Saved data entries
[Start of section]
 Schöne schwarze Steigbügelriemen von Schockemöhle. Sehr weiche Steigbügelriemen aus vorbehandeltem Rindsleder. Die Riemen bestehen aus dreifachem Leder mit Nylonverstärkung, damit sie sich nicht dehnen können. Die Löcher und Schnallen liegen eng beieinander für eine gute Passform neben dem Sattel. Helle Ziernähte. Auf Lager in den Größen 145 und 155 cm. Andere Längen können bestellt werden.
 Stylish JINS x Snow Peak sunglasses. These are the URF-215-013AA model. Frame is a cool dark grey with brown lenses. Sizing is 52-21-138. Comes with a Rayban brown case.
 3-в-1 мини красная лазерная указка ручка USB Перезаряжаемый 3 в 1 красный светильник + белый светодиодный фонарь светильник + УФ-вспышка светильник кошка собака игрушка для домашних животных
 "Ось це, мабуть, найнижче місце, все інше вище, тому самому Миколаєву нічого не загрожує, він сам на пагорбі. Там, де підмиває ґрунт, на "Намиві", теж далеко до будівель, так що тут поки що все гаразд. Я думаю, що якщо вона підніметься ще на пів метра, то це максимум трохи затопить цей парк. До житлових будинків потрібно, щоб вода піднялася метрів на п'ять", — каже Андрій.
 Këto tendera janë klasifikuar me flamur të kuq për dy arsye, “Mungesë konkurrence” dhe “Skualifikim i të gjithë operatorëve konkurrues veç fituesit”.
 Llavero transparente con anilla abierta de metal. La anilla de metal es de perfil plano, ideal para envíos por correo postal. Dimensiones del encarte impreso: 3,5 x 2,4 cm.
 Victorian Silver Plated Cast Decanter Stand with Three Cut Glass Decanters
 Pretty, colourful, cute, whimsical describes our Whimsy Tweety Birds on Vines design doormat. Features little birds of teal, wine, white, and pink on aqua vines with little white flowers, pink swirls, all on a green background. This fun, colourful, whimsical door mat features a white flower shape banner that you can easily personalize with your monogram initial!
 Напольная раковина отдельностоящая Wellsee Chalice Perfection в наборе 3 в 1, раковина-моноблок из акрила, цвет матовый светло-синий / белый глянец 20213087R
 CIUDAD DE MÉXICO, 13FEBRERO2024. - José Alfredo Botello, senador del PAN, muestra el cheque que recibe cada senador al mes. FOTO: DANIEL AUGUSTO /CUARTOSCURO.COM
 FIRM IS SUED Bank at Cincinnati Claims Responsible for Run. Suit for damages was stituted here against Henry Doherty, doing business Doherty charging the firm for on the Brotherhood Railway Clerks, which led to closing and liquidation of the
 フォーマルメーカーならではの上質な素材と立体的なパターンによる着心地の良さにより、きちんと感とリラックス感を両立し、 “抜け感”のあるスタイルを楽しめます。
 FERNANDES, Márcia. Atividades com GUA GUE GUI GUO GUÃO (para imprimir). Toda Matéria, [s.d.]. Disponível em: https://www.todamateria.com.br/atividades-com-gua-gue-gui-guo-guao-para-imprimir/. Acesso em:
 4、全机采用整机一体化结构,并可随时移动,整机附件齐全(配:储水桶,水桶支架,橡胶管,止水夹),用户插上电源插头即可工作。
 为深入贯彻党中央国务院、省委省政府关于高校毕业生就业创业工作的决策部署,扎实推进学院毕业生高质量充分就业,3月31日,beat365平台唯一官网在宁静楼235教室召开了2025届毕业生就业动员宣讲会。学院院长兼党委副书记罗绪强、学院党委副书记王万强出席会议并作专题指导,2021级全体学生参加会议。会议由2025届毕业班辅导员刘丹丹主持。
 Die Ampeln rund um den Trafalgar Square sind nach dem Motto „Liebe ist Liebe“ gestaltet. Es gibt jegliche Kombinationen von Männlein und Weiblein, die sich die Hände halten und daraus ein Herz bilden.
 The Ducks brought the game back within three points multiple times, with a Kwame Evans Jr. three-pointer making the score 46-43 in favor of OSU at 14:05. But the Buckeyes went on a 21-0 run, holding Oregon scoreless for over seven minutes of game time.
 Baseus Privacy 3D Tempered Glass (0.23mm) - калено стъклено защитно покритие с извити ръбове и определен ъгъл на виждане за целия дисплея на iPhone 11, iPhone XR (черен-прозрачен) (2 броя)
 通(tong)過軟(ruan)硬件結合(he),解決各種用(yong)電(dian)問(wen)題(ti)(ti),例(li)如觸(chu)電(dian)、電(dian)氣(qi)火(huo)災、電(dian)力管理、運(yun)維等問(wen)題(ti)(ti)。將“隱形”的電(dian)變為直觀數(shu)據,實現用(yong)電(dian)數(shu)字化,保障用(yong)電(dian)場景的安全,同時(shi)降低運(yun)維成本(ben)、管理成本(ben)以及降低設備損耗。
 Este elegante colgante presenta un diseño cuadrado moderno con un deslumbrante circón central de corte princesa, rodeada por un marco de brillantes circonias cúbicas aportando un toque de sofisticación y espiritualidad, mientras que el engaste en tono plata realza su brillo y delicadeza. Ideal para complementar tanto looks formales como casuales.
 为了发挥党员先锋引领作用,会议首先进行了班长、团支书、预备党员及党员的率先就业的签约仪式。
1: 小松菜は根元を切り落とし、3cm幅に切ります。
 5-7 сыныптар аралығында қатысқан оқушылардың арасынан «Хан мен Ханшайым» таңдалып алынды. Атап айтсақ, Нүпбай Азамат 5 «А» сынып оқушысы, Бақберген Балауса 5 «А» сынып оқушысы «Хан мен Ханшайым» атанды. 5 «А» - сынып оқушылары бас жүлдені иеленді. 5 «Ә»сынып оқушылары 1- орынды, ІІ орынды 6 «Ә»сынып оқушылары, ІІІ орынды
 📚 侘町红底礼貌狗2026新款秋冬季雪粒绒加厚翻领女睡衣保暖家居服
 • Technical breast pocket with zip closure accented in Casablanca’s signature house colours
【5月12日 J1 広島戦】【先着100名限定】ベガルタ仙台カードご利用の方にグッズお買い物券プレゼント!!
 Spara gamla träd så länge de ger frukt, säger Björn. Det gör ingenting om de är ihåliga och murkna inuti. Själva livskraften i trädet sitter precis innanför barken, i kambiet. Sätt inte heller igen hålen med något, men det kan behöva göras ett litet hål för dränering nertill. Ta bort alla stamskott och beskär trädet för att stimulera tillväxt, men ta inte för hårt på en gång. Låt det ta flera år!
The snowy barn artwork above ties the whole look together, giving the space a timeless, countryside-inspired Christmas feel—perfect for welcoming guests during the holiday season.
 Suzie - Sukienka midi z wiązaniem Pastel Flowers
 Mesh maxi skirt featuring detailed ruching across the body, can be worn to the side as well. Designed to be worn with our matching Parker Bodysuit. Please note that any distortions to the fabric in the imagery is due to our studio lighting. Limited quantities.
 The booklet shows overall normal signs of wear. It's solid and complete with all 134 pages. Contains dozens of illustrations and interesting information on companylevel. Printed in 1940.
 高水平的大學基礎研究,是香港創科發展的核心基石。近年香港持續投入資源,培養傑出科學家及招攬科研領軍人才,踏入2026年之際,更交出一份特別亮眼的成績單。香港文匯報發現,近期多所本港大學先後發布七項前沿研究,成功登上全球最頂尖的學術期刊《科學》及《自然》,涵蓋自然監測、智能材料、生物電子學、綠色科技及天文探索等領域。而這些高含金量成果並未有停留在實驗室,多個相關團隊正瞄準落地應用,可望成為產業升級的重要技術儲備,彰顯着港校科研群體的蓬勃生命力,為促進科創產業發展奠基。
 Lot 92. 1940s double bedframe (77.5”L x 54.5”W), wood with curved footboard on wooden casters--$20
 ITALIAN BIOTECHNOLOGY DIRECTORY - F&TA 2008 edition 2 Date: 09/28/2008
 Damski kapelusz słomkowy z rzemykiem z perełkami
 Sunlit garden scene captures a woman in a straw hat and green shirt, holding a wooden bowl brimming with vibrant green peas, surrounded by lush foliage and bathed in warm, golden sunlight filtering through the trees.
[End of section]
__Task objective__.
Each entry must appear in the reply exactly as written.

__Answer to this exercise__.
 Schöne schwarze Steigbügelriemen von Schockemöhle. Sehr weiche Steigbügelriemen aus vorbehandeltem Rindsleder. Die Riemen bestehen aus dreifachem Leder mit Nylonverstärkung, damit sie sich nicht dehnen können. Die Löcher und Schnallen liegen eng beieinander für eine gute Passform neben dem Sattel. Helle Ziernähte. Auf Lager in den Größen 145 und 155 cm. Andere Längen können bestellt werden.
 Stylish JINS x Snow Peak sunglasses. These are the URF-215-013AA model. Frame is a cool dark grey with brown lenses. Sizing is 52-21-138. Comes with a Rayban brown case.
 3-в-1 мини красная лазерная указка ручка USB Перезаряжаемый 3 в 1 красный светильник + белый светодиодный фонарь светильник + УФ-вспышка светильник кошка собака игрушка для домашних животных
 "Ось це, мабуть, найнижче місце, все інше вище, тому самому Миколаєву нічого не загрожує, він сам на пагорбі. Там, де підмиває ґрунт, на "Намиві", теж далеко до будівель, так що тут поки що все гаразд. Я думаю, що якщо вона підніметься ще на пів метра, то це максимум трохи затопить цей парк. До житлових будинків потрібно, щоб вода піднялася метрів на п'ять", — каже Андрій.
 Këto tendera janë klasifikuar me flamur të kuq për dy arsye, “Mungesë konkurrence” dhe “Skualifikim i të gjithë operatorëve konkurrues veç fituesit”.
 Llavero transparente con anilla abierta de metal. La anilla de metal es de perfil plano, ideal para envíos por correo postal. Dimensiones del encarte impreso: 3,5 x 2,4 cm.
 Victorian Silver Plated Cast Decanter Stand with Three Cut Glass Decanters
 Pretty, colourful, cute, whimsical describes our Whimsy Tweety Birds on Vines design doormat. Features little birds of teal, wine, white, and pink on aqua vines with little white flowers, pink swirls, all on a green background. This fun, colourful, whimsical door mat features a white flower shape banner that you can easily personalize with your monogram initial!
 Напольная раковина отдельностоящая Wellsee Chalice Perfection в наборе 3 в 1, раковина-моноблок из акрила, цвет матовый светло-синий / белый глянец 20213087R
 CIUDAD DE MÉXICO, 13FEBRERO2024. - José Alfredo Botello, senador del PAN, muestra el cheque que recibe cada senador al mes. FOTO: DANIEL AUGUSTO /CUARTOSCURO.COM
 FIRM IS SUED Bank at Cincinnati Claims Responsible for Run. Suit for damages was stituted here against Henry Doherty, doing business Doherty charging the firm for on the Brotherhood Railway Clerks, which led to closing and liquidation of the
 フォーマルメーカーならではの上質な素材と立体的なパターンによる着心地の良さにより、きちんと感とリラックス感を両立し、 “抜け感”のあるスタイルを楽しめます。
 FERNANDES, Márcia. Atividades com GUA GUE GUI GUO GUÃO (para imprimir). Toda Matéria, [s.d.]. Disponível em: https://www.todamateria.com.br/atividades-com-gua-gue-gui-guo-guao-para-imprimir/. Acesso em:
 4、全机采用整机一体化结构,并可随时移动,整机附件齐全(配:储水桶,水桶支架,橡胶管,止水夹),用户插上电源插头即可工作。
 为深入贯彻党中央国务院、省委省政府关于高校毕业生就业创业工作的决策部署,扎实推进学院毕业生高质量充分就业,3月31日,beat365平台唯一官网在宁静楼235教室召开了2025届毕业生就业动员宣讲会。学院院长兼党委副书记罗绪强、学院党委副书记王万强出席会议并作专题指导,2021级全体学生参加会议。会议由2025届毕业班辅导员刘丹丹主持。
 Die Ampeln rund um den Trafalgar Square sind nach dem Motto „Liebe ist Liebe“ gestaltet. Es gibt jegliche Kombinationen von Männlein und Weiblein, die sich die Hände halten und daraus ein Herz bilden.
 The Ducks brought the game back within three points multiple times, with a Kwame Evans Jr. three-pointer making the score 46-43 in favor of OSU at 14:05. But the Buckeyes went on a 21-0 run, holding Oregon scoreless for over seven minutes of game time.
 Baseus Privacy 3D Tempered Glass (0.23mm) - калено стъклено защитно покритие с извити ръбове и определен ъгъл на виждане за целия дисплея на iPhone 11, iPhone XR (черен-прозрачен) (2 броя)
 通(tong)過軟(ruan)硬件結合(he),解決各種用(yong)電(dian)問(wen)題(ti)(ti),例(li)如觸(chu)電(dian)、電(dian)氣(qi)火(huo)災、電(dian)力管理、運(yun)維等問(wen)題(ti)(ti)。將“隱形”的電(dian)變為直觀數(shu)據,實現用(yong)電(dian)數(shu)字化,保障用(yong)電(dian)場景的安全,同時(shi)降低運(yun)維成本(ben)、管理成本(ben)以及降低設備損耗。
 Este elegante colgante presenta un diseño cuadrado moderno con un deslumbrante circón central de corte princesa, rodeada por un marco de brillantes circonias cúbicas aportando un toque de sofisticación y espiritualidad, mientras que el engaste en tono plata realza su brillo y delicadeza. Ideal para complementar tanto looks formales como casuales.
 为了发挥党员先锋引领作用,会议首先进行了班长、团支书、预备党员及党员的率先就业的签约仪式。
1: 小松菜は根元を切り落とし、3cm幅に切ります。
 5-7 сыныптар аралығында қатысқан оқушылардың арасынан «Хан мен Ханшайым» таңдалып алынды. Атап айтсақ, Нүпбай Азамат 5 «А» сынып оқушысы, Бақберген Балауса 5 «А» сынып оқушысы «Хан мен Ханшайым» атанды. 5 «А» - сынып оқушылары бас жүлдені иеленді. 5 «Ә»сынып оқушылары 1- орынды, ІІ орынды 6 «Ә»сынып оқушылары, ІІІ орынды
 📚 侘町红底礼貌狗2026新款秋冬季雪粒绒加厚翻领女睡衣保暖家居服
 • Technical breast pocket with zip closure accented in Casablanca’s signature house colours
【5月12日 J1 広島戦】【先着100名限定】ベガルタ仙台カードご利用の方にグッズお買い物券プレゼント!!
 Spara gamla träd så länge de ger frukt, säger Björn. Det gör ingenting om de är ihåliga och murkna inuti. Själva livskraften i trädet sitter precis innanför barken, i kambiet. Sätt inte heller igen hålen med något, men det kan behöva göras ett litet hål för dränering nertill. Ta bort alla stamskott och beskär trädet för att stimulera tillväxt, men ta inte för hårt på en gång. Låt det ta flera år!
The snowy barn artwork above ties the whole look together, giving the space a timeless, countryside-inspired Christmas feel—perfect for welcoming guests during the holiday season.
 Suzie - Sukienka midi z wiązaniem Pastel Flowers
 Mesh maxi skirt featuring detailed ruching across the body, can be worn to the side as well. Designed to be worn with our matching Parker Bodysuit. Please note that any distortions to the fabric in the imagery is due to our studio lighting. Limited quantities.
 The booklet shows overall normal signs of wear. It's solid and complete with all 134 pages. Contains dozens of illustrations and interesting information on companylevel. Printed in 1940.
 高水平的大學基礎研究,是香港創科發展的核心基石。近年香港持續投入資源,培養傑出科學家及招攬科研領軍人才,踏入2026年之際,更交出一份特別亮眼的成績單。香港文匯報發現,近期多所本港大學先後發布七項前沿研究,成功登上全球最頂尖的學術期刊《科學》及《自然》,涵蓋自然監測、智能材料、生物電子學、綠色科技及天文探索等領域。而這些高含金量成果並未有停留在實驗室,多個相關團隊正瞄準落地應用,可望成為產業升級的重要技術儲備,彰顯着港校科研群體的蓬勃生命力,為促進科創產業發展奠基。
 Lot 92. 1940s double bedframe (77.5”L x 54.5”W), wood with curved footboard on wooden casters--$20
 ITALIAN BIOTECHNOLOGY DIRECTORY - F&TA 2008 edition 2 Date: 09/28/2008
 Damski kapelusz słomkowy z rzemykiem z perełkami
 Sunlit garden scene captures a woman in a straw hat and green shirt, holding a wooden bowl brimming with vibrant green peas, surrounded by lush foliage and bathed in warm, golden sunlight filtering through the trees.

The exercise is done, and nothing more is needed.